What you need to produce from the material below is an exact transcription of the lines from the one with "Frank Mills House" through the one with "- Глюкозо-1-фосфат + UTP → UDP-глюкоза + PPi", both included, and no other line.

**PROVIDED RECORDS:**
>>

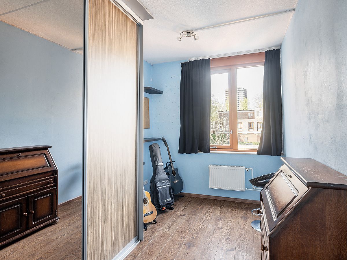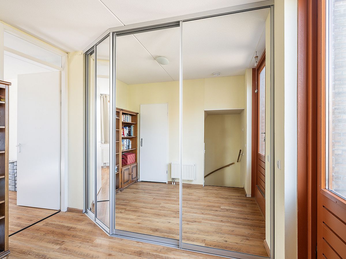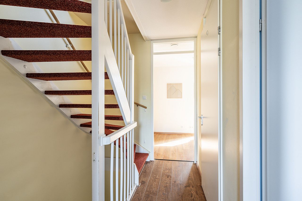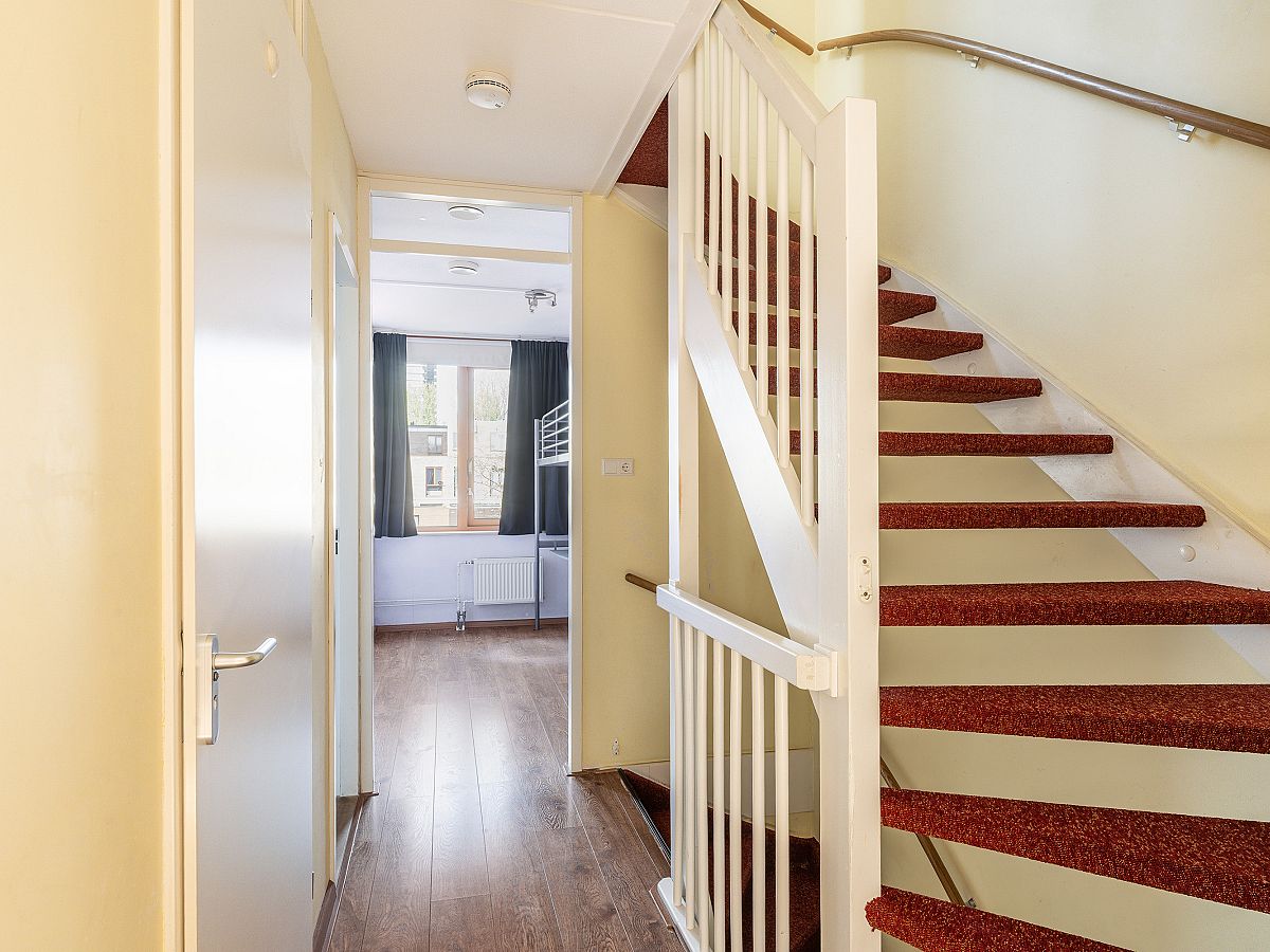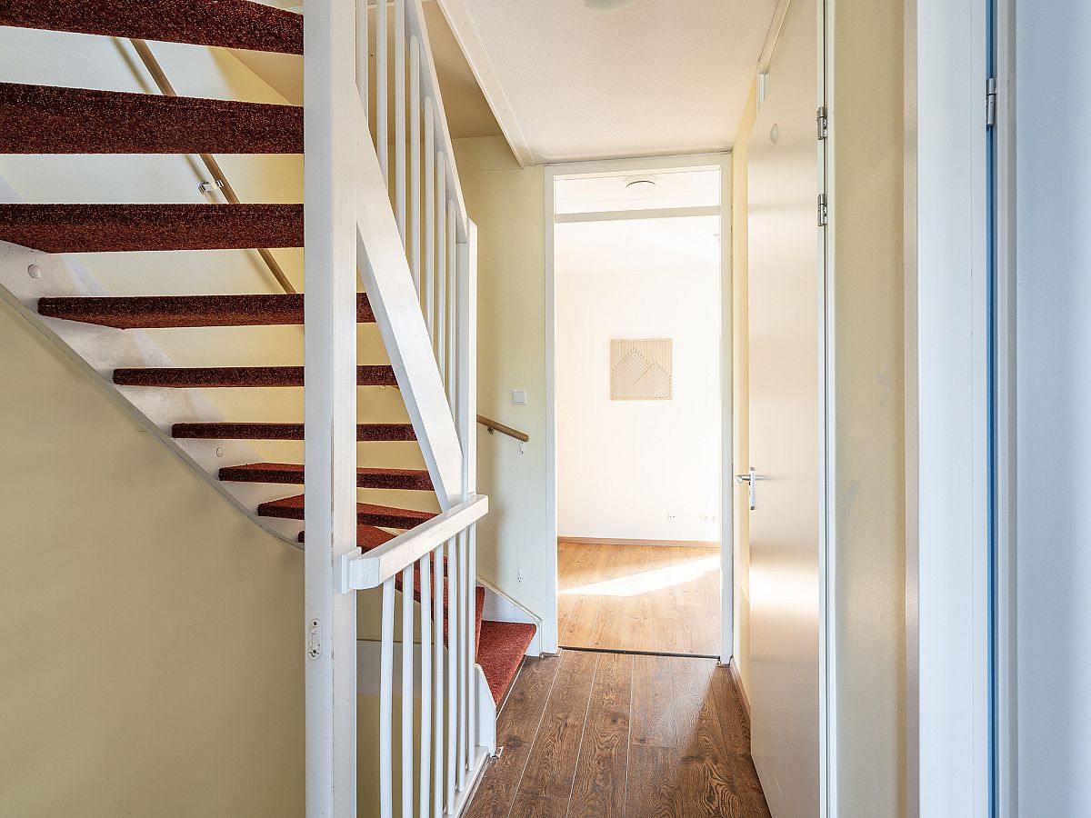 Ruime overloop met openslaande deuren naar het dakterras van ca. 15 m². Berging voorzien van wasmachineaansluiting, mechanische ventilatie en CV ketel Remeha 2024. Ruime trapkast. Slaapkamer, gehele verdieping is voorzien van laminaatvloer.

<<
>>

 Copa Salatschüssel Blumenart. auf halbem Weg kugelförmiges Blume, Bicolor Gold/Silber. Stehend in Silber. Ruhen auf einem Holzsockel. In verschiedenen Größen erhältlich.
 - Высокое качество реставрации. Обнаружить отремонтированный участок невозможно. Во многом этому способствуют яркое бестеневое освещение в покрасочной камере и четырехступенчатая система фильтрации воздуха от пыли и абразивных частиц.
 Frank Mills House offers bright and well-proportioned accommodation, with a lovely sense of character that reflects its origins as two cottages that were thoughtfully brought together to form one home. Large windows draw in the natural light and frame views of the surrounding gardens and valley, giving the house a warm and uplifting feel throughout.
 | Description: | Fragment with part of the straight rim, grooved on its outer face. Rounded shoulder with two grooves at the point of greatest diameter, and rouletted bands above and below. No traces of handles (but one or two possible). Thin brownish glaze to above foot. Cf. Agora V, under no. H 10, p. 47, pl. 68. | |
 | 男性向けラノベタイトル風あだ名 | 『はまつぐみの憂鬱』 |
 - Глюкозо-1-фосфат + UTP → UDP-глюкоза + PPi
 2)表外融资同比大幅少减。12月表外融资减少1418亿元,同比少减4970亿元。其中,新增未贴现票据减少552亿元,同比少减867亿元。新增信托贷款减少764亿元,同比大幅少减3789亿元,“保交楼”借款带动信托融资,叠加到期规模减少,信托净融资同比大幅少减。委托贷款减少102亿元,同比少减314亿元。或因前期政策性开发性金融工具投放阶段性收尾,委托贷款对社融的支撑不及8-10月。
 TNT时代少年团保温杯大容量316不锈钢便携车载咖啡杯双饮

<<

**SOLVED PROBLEM:**
 Frank Mills House offers bright and well-proportioned accommodation, with a lovely sense of character that reflects its origins as two cottages that were thoughtfully brought together to form one home. Large windows draw in the natural light and frame views of the surrounding gardens and valley, giving the house a warm and uplifting feel throughout.
 | Description: | Fragment with part of the straight rim, grooved on its outer face. Rounded shoulder with two grooves at the point of greatest diameter, and rouletted bands above and below. No traces of handles (but one or two possible). Thin brownish glaze to above foot. Cf. Agora V, under no. H 10, p. 47, pl. 68. | |
 | 男性向けラノベタイトル風あだ名 | 『はまつぐみの憂鬱』 |
 - Глюкозо-1-фосфат + UTP → UDP-глюкоза + PPi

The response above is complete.